Architecture Diagram

┌──────────────────────────────────────────────────────────────────────┐
│                        Service Bus Queue                              │
│                      (import-queue messages)                          │
└──────────────────────────────┬───────────────────────────────────────┘
           ┌───────────────────┴───────────────────┐
           ▼                                       ▼
┌─────────────────────┐                 ┌─────────────────────┐
│   function_app.py   │                 │     worker.py       │
│  (Azure Functions)  │                 │ (Container Apps Job)│
│     ~90 lines       │                 │    ~200 lines       │
│                     │                 │                     │
│ • Azure trigger     │                 │ • Service Bus SDK   │
│ • autoComplete=true │                 │ • Batch receive     │
│ • Re-raise on error │                 │ • Lock renewal      │
│                     │                 │ • SIGTERM handling  │
└─────────┬───────────┘                 └──────────┬──────────┘
          │                                        │
          └───────────────┬────────────────────────┘
        ┌─────────────────────────────────────────┐
        │    app/services/import_processing/      │
        │         (Shared Module)                 │
        │                                         │
        │  process_import_message()  ← SINGLE     │
        │                               ENTRY     │
        │                               POINT     │
        └─────────────────┬───────────────────────┘
        ┌─────────────────┼─────────────────────────┐
        │                 │                         │
        ▼                 ▼                         ▼
┌───────────────┐ ┌───────────────┐ ┌───────────────────────┐
│  schemas.py   │ │  registry.py  │ │    processor.py       │
│               │ │               │ │                       │
│ ImportMessage │ │ IMPORT_HANDLERS│ │ • Blob download       │
│ DeleteMessage │ │ DELETE_HANDLERS│ │ • Handler routing     │
│               │ │ get_handler() │ │ • Cosmos init         │
│               │ │ is_bulk_op()  │ │ • Blob cleanup        │
└───────────────┘ └───────┬───────┘ └───────────────────────┘
        ┌─────────────────────────────────────────┐
        │        app/import_handlers/             │
        │         (14 Handler Classes)            │
        │                                         │
        │ mto, estimation_master,                 │
        │ schedule_extraction, schedule_upload,   │
        │ schedule_project_extraction,            │
        │ schedule_delete_all, schedule_fill_*,   │
        │ equipment, material, crew, etc.         │
        └─────────────────────────────────────────┘

Component Responsibilities

Component Location Responsibility
function_app.py functions/import-processor/ Azure Functions trigger, auto-complete, exception re-raise for retry
worker.py backend/ Service Bus SDK, batch receive, lock renewal, SIGTERM graceful shutdown
schemas.py app/services/import_processing/ Pydantic validation for ImportMessage / DeleteMessage
registry.py app/services/import_processing/ Handler lookup, is_bulk_operation(), should_download_blob()
processor.py app/services/import_processing/ Core logic: parse → validate → download blob → route → execute → cleanup
import_handlers/ app/import_handlers/ 14 handlers implementing actual import/delete business logic

Execution Environments

Azure Functions (function_app.py)

Use Case: Production serverless deployment with automatic scaling.
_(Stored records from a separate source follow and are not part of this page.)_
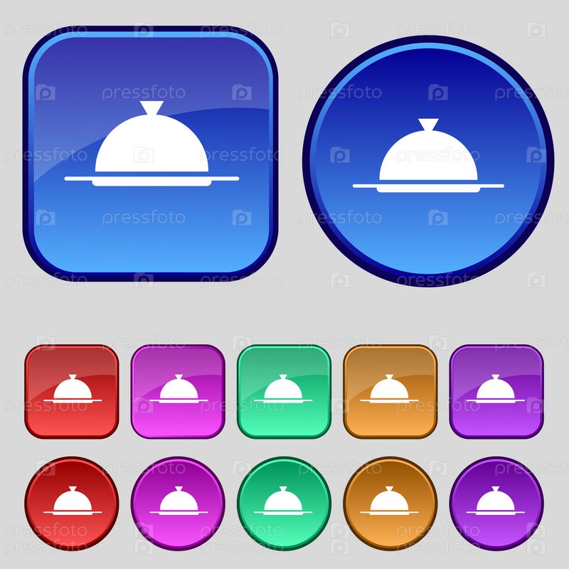 Еда блюдо порция знак значок. Сервировка стола в ресторане символ. Красочные кнопки установки. Вектор
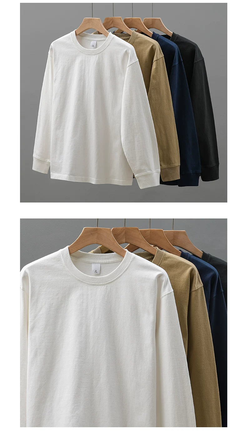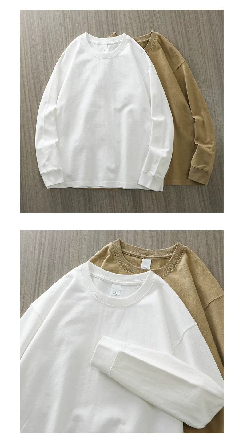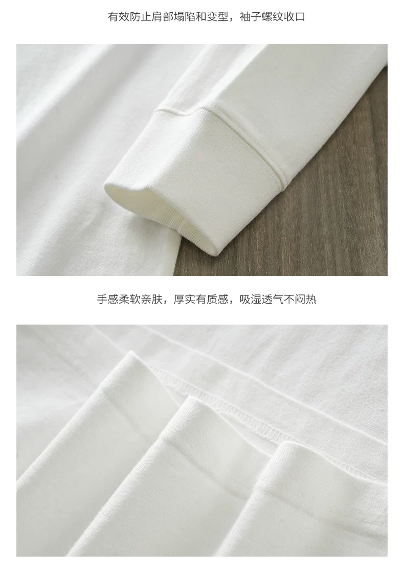Áo thun dài tay hạng nặng 400G dành cho nam và nữ, áo sơ mi cơ bản màu trắng tinh khiết dành cho mùa thu, áo len cổ tròn cổ nhỏ kiểu Mỹ.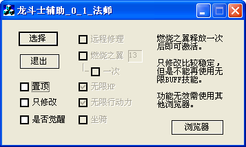 龙斗士法师无限buff是专用于法师职业的龙斗士辅助工具,龙斗士辅助使用C语言编写,页面简洁,功能强大安全免费,欢迎下载体验。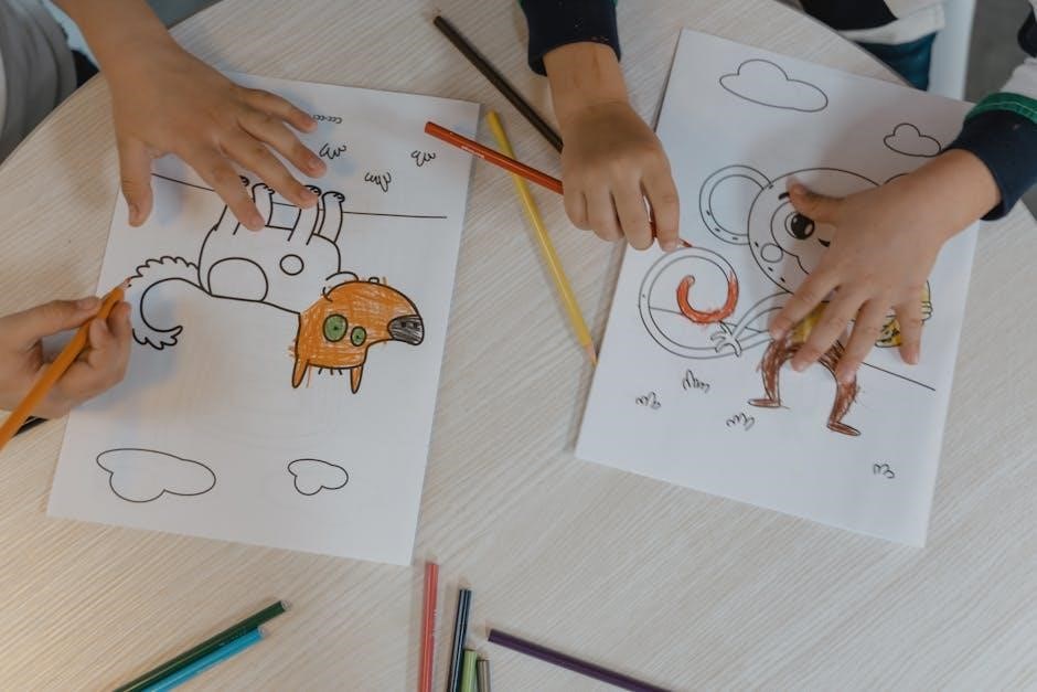 PDFs offer universal compatibility, ensuring easy access across devices. Most coloring books are designed for standard US letter (8.5 x 11 inches) or A4 paper sizes, simplifying printing. However, always preview the PDF before printing to confirm the page orientation and layout.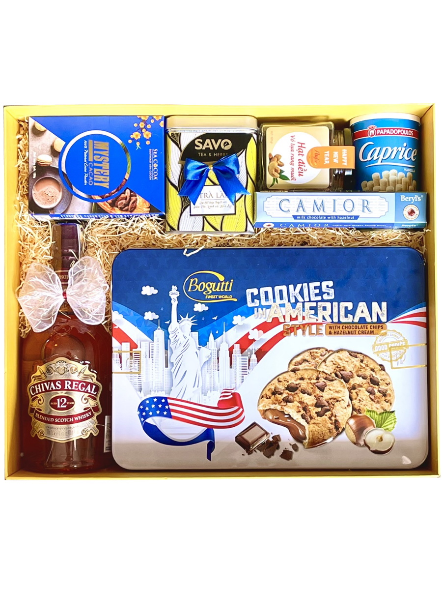 Trải nghiệm phần quà tặng rượu vang tuyệt đẹp này bao gồm chai rượu Chivas Regal 12 Năm.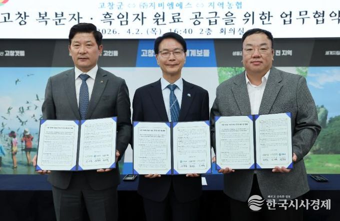 한국시사경제 김숙영 기자 | 고창군이 지난 2일 오후 군청2층 회의실에서 고창군·㈜지비엠에스·지역농협 5개소와 ‘고창 복분자·흑임자 원료 공급 및 상생발전 업무협약(MOU)’을 체결했다.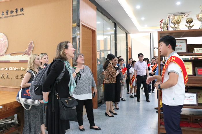 參觀訪問(wèn)代表團(tuán)首先實(shí)地考察了我校高中美術(shù)專(zhuān)業(yè)班、創(chuàng)客實(shí)踐工作室、社會(huì)資源中心、行政服務(wù)中心、圖書(shū)資源中心、小班化精品課堂等場(chǎng)室及學(xué)生學(xué)習(xí)情況,在集團(tuán)及學(xué)校領(lǐng)導(dǎo)的陪同下,小學(xué)、初中、高中學(xué)生代表全程用英語(yǔ)對(duì)美國(guó)客人進(jìn)行了介紹。來(lái)賓對(duì)我校一流的資源配置、學(xué)生良好的學(xué)習(xí)狀態(tài)表示贊賞,紛紛拍照留念。

Characteristics: - Triggered by Service Bus queue binding - autoComplete=true in host.json - message auto-completed on success - Re-raises exceptions to trigger Service Bus retry - Minimal code (~90 lines) - thin wrapper only

Message Handling:

@app.service_bus_queue_trigger(...)
async def import_processor(msg: func.ServiceBusMessage):
    raw_message = msg.get_body().decode("utf-8")
    await process_import_message(raw_message, msg.delivery_count, msg.message_id)
    # Success: auto-completes message
    # Exception: re-raises, Service Bus retries

Container Apps Job (worker.py)

Use Case: Development, testing, or hybrid deployment with Container Apps.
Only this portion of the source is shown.